Family comes first as Donaldson calls it a day
ONE of Guernsey's greatest ever bowlers, Nick Donaldson, has given up the sport after paying the price for success.
ONE of Guernsey's greatest ever bowlers, Nick Donaldson, has given up the sport after paying the price for success. The self-employed carpenter, who won the World Indoor Bowls Council men's singles title two years ago and lost in the final of the British Isles singles last year, has decided to call it a day.
'The main reason I have given up is because it's cost me a fortune over the past 10 years and my family has not had a holiday and are suffering,' he said.
'It has cost me about £3,000 a year to play bowls.
'I went away to play out of the island seven times last year and on three of those occasions it was a week to 10 days at a time.
'That is three weeks off work a year and, being self-employed, if you are not working you don't get paid.'
Donaldson has been Channel Islands singles champion for three out of the last four years.
'The main problem in bowls and many other sports in Guernsey is there is not enough sponsorship about,' he claimed.

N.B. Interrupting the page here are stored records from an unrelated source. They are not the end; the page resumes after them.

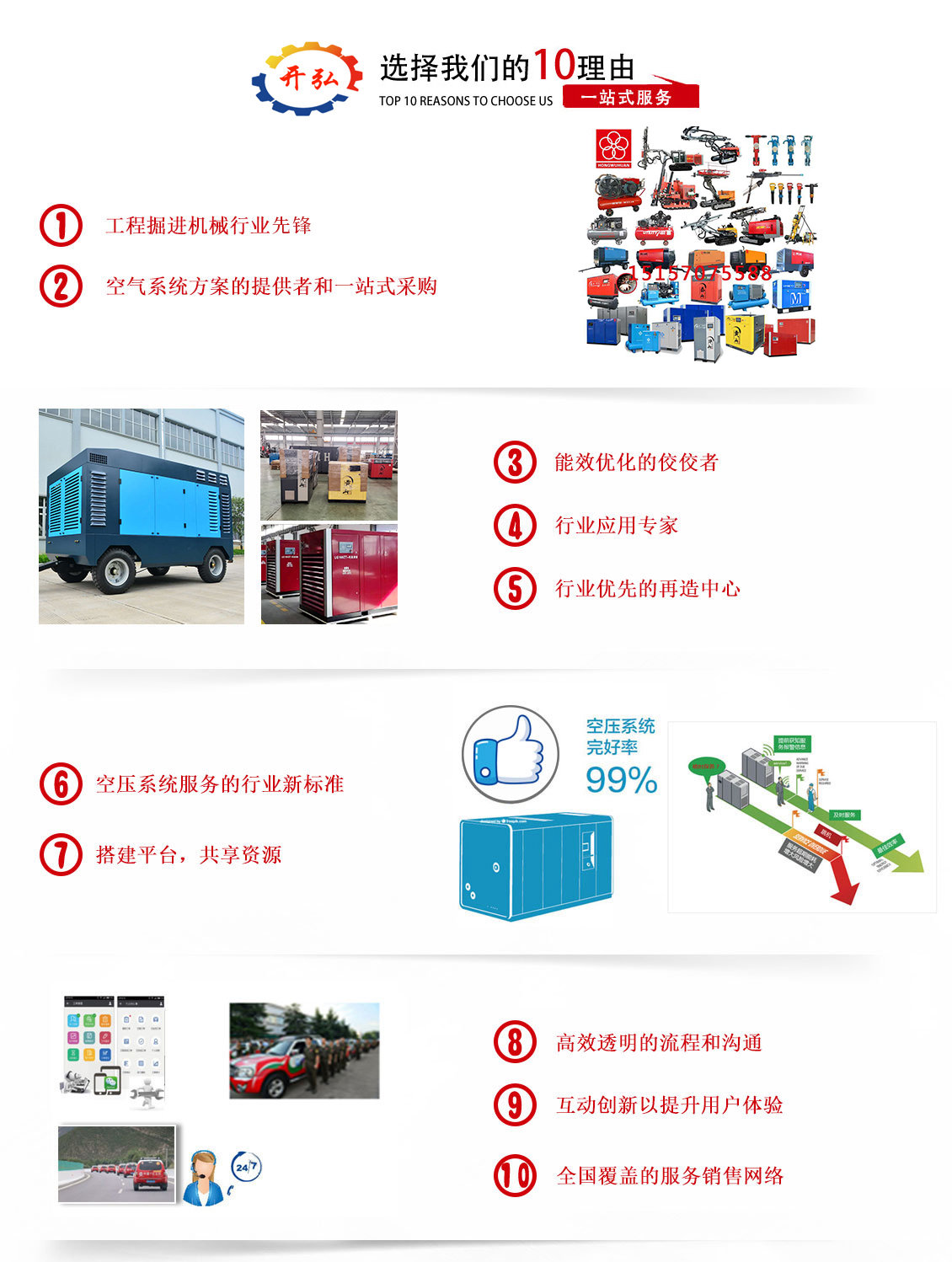 ? ? ? ? 我公司始終堅(jiān)持紅五環(huán)經(jīng)營(yíng)戰(zhàn)略,堅(jiān)持中高端品牌空壓機(jī)、鉆機(jī)的經(jīng)營(yíng)發(fā)展思路 ,專業(yè)于品牌空壓機(jī)、鉆機(jī)的銷售與維修服務(wù),并提供空壓機(jī)、鉆機(jī)維修及零備件供應(yīng)(鉆桿,鉆頭,沖擊器等鉆機(jī)配件;空氣濾芯、機(jī)油濾芯、油氣分離器、專用潤(rùn)滑油、冷卻液……
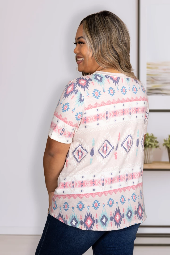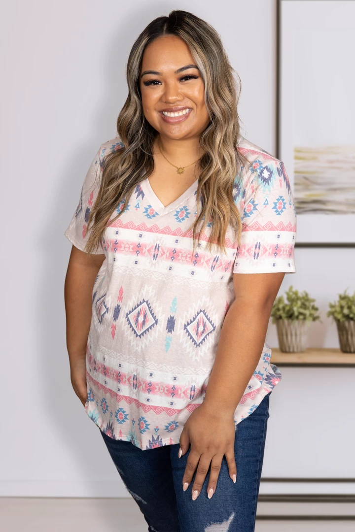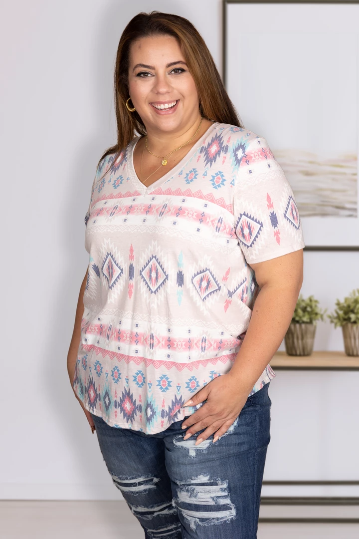 Bring home a little charm of the southwest with this gorgeous short sleeve top. With a relaxed fit, this top features a v-neck, short sleeves and rounded hem.
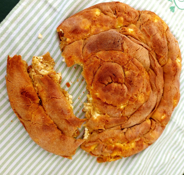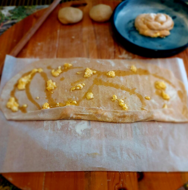Готовият лист тесто навиваме отново на точилката, повдигаме и под него поставяме широка кърпа или готварска хартия. Листът развиваме върху нея и поливаме с разтопеното масло (с лъжица) и с плънката от яйца и сирене. С помощта на кърпата навиваме кората. След което навиваме на охлюв и пренасяме в тавата.
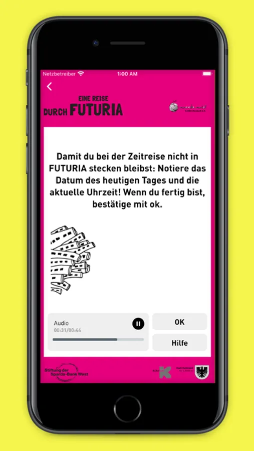 Der interaktive Audiorundgang nimmt alle Menschen ab 7 Jahren mit auf eine spannende Reise in die Zukunft. Ausgestattet mit Reiseausrüstung und einem Reisetagebuch sind alle Reisende eingeladen zu forschen und zu entdecken. Sie passieren Zeitschranken, reisen mühelos durch die Zeiten hin und her und entdecken dabei mögliche und unmögliche Zukünfte. Wie werden wir Menschen in Zukunft wohnen? Wie werden wir uns ernähren, wie uns fortbewegen? Wird es zu viel oder zu wenig Wasser geben? Wie wird sich das Klima ändern?
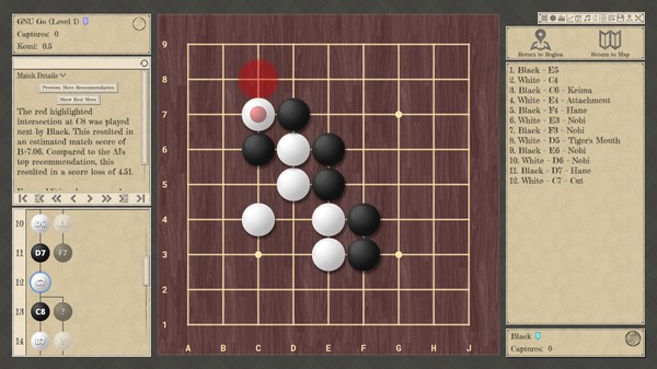 Кроме того, вы сможете играть против местного соперника на одном компьютере, против ИИ или устраивать матчи между ИИ: доступны различные настройки для размера доски (от 5x5 до 19x19), ручек, коми и времени. Используйте тренировочную доску, чтобы свободно расставлять и играть камни. Таким образом, The Conquest of Go предлагает богатый и разнообразный игровой опыт как для новичков, так и для опытных игроков, позволяя им развивать свои навыки и соревноваться с другими по всему миру.
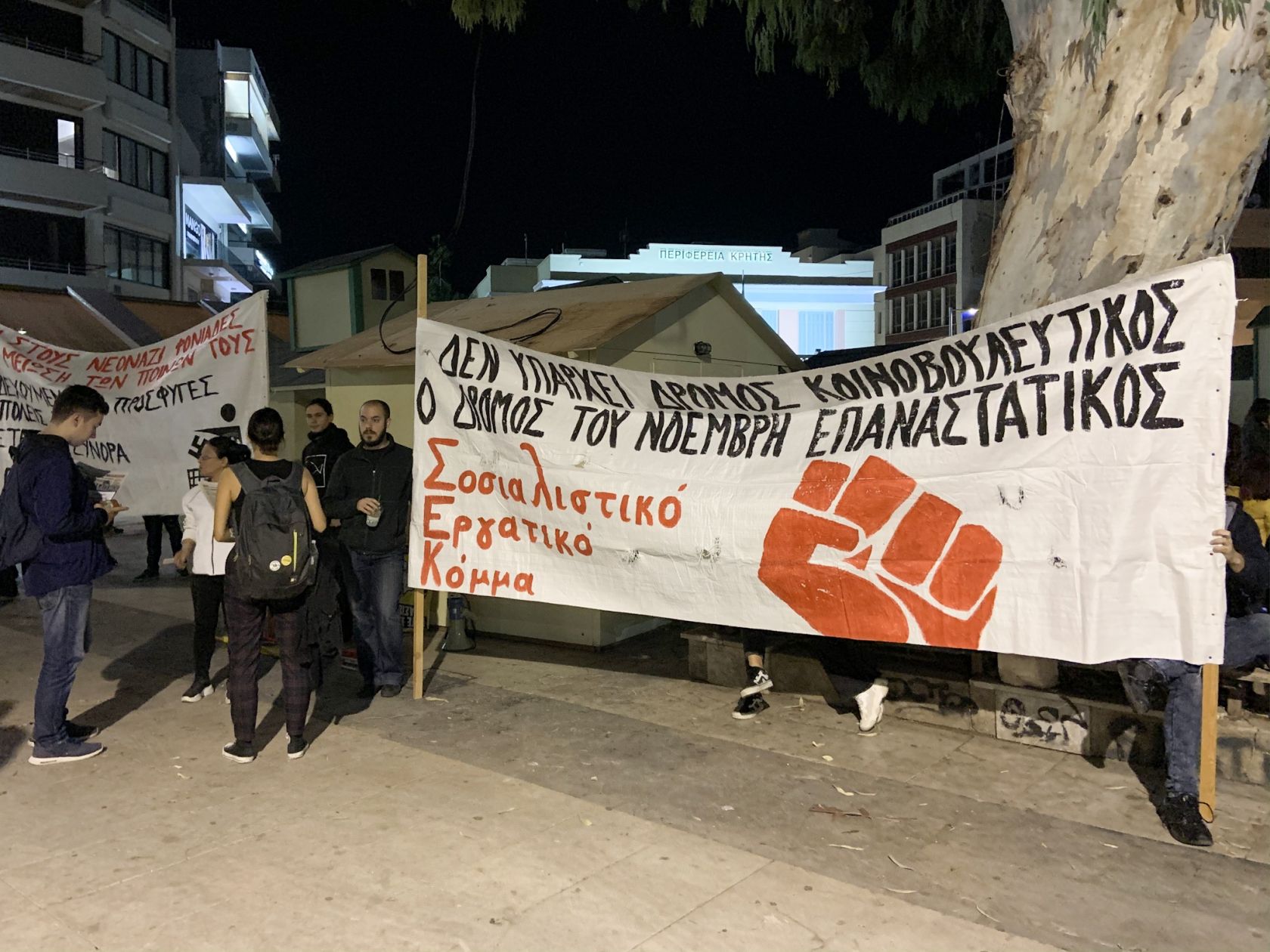 Στα Χανιά, η πορεία για την επέτειο του Πολυτεχνείου, ξεκίνησε λίγο πριν τις 19.00 το απόγευμα, με τους φοιτητές στην κεφαλή της πορείας.

'Hopefully, with zero-10 coming in and the companies not having to pay tax it will give them more money to sponsor sport and give the island back something that the island has given them.'
Donaldson said that the only sponsorship he has received over the past decade has been from the Parrot and Mariners Inn pubs.
'All sports need more sponsorship. The indoor bowls club has been struggling for the past 10 years because it has not been able to get any financial help from the States, who have said they have not got the money to give out,' said Donaldson.
He said he might consider returning to the sport in a few years' time.
'I have not really missed it yet, but when you are good at something you don't really want to give it up,' he said.
Donaldson, 47, has been playing bowls for 25 years, and has no doubts the sport is in safe hands though.
He agreed there were some promising juniors coming through the local ranks.
'There is no doubt in future that Guernsey can produce more world champions, if we can keep them in the sport, but they will need more financial help,' he warned.
He appreciates companies like NatWest and Norman Piette and many others plough a lot of money into sport and is calling on those that do not to follow their lead.
'It's about time some of the other big companies put more money into sport to help their local community. They will not be paying any tax on their profits and if that is the case there should be no problem doing it,' he suggested.
Income Tax have confirmed that if a company pours money, for example, into a sport or the arts, there could be a technical argument from a tax perspective that the money is not tax deductable.
It is accepted when a company sponsors it is going to get publicity out of it.
'We apply a pretty light touch from an income tax perspective and anything that could be considered charitable we give it a fairly broad brush,' said a spokesman.